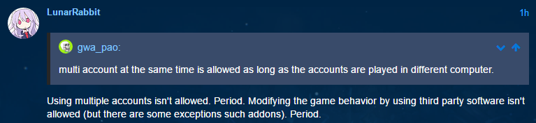 Lol that Multiple account argument XD. We know for sure that argument is bs, you can own multiple pc laptop at home and create different steam account for each play ToS on all of them if you can afford with your two hands. I’m not sure what’s wrong with that unless you can’t afford… then you are just envious of other people. “i can’t do that, don’t let others do that it’s unfair huhuhu”.
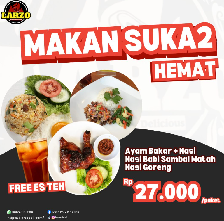 Jangan lupa follow akun Instagram kami @larzobali untuk update terbaru, promo spesial, dan foto-foto makanan yang bikin ngiler!
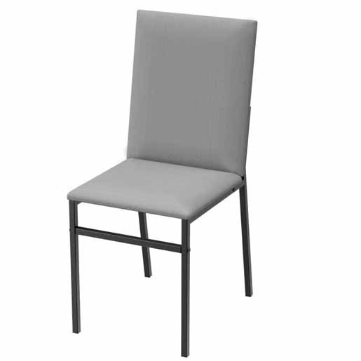 Silla con asiento y respaldo tapizados en tela lavable de pana gris. Estructura de caño desarmable con pintura epoxi negra. Madera touch de alta terminación en 15mm de espesor.
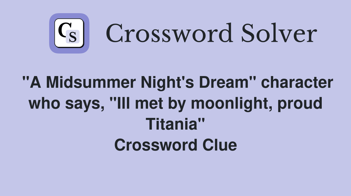 quot A Midsummer Night #39 s Dream quot character who says quot Ill met by moonlight
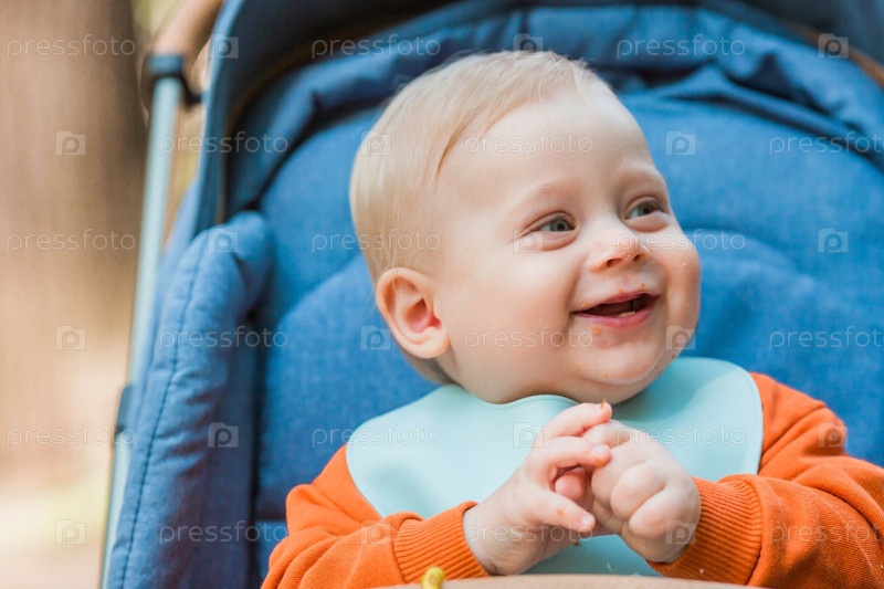 Портрет маленького мальчика 9 месяцев на пленэре. Счастливый ребенок в осеннем парке сидит в коляске. Счастливое детство и материнство
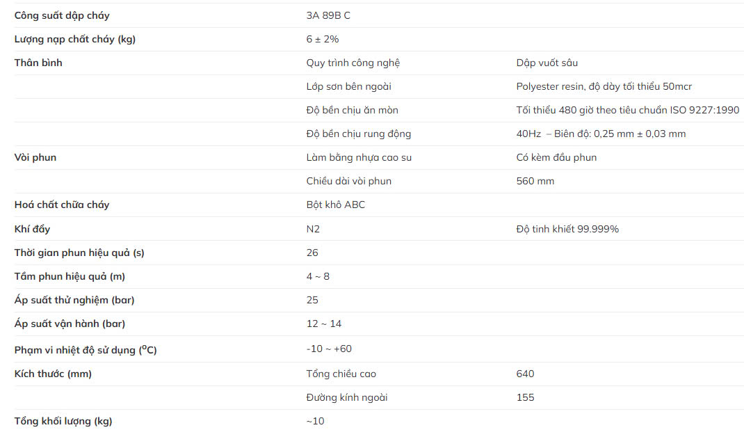 Thông Số Kỹ Thuật Của Bình Chữa Cháy Bột ABC 6Kg Vinafoam CMP6
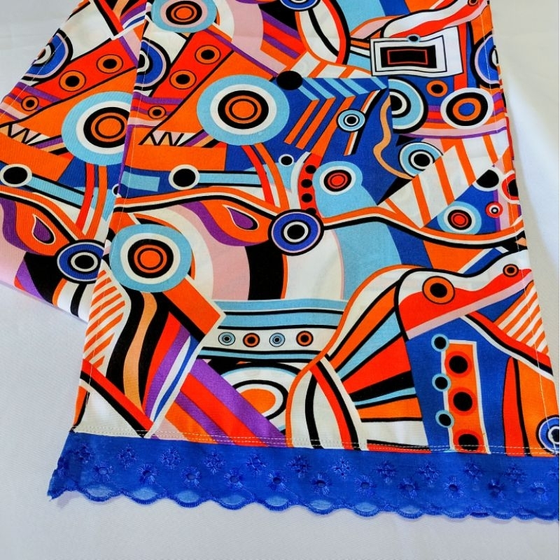 Pano de cabeça ojá, modelo reto, confeccionado em tecido Oxford estampa africana, tecido resistente e de ótimo caimento. Possui bordado inglês nas laterais menores, que acrescenta um acabamento delicado e elegante à peça. Com medidas aproximadas de 2 metros de comprimento por 30 cm de largura, é ideal para amarrações tradicionais, uso religioso, cultural ou como acessório estiloso no dia a dia. Versátil, confortável e com excelente durabilidade. Produto artesanal, comumente utilizado no candomblé e na umbanda.
========
**Problem description**: Within the listing above, print exactly the stretch beginning at the line that contains "Jangan lupa follow" and finishing at the line that contains "Thông Số Kỹ", ends kept, pictures left out, and nothing more.

**Solution to this task**:
 Jangan lupa follow akun Instagram kami @larzobali untuk update terbaru, promo spesial, dan foto-foto makanan yang bikin ngiler!
 Silla con asiento y respaldo tapizados en tela lavable de pana gris. Estructura de caño desarmable con pintura epoxi negra. Madera touch de alta terminación en 15mm de espesor.
 quot A Midsummer Night #39 s Dream quot character who says quot Ill met by moonlight
 Портрет маленького мальчика 9 месяцев на пленэре. Счастливый ребенок в осеннем парке сидит в коляске. Счастливое детство и материнство
 Thông Số Kỹ Thuật Của Bình Chữa Cháy Bột ABC 6Kg Vinafoam CMP6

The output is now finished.